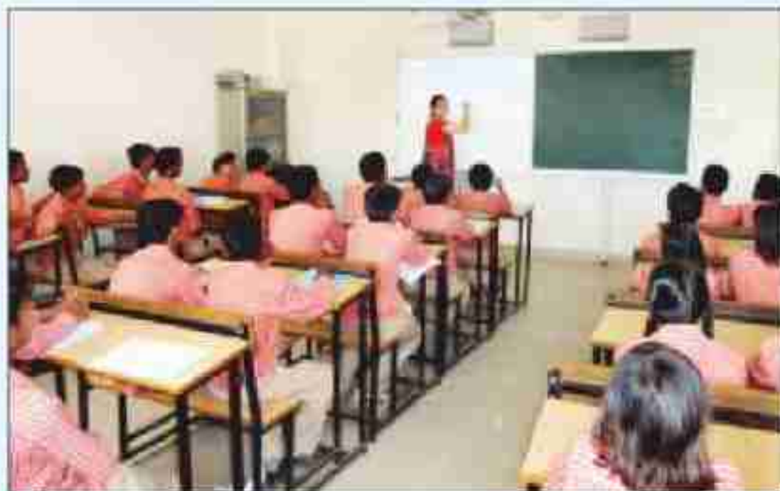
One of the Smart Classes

...

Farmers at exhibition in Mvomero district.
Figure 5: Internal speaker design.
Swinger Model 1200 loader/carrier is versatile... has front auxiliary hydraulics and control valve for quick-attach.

● **EXERCISE PROMPT**:
Restate word for word only the lines above from the line containing "Farmers at exhibition in Mvomero district." to the line containing "Swinger Model 1200", both of them included.

● **SOLUTION FOR THIS EXERCISE**:
Farmers at exhibition in Mvomero district.
Figure 5: Internal speaker design.
Swinger Model 1200 loader/carrier is versatile... has front auxiliary hydraulics and control valve for quick-attach.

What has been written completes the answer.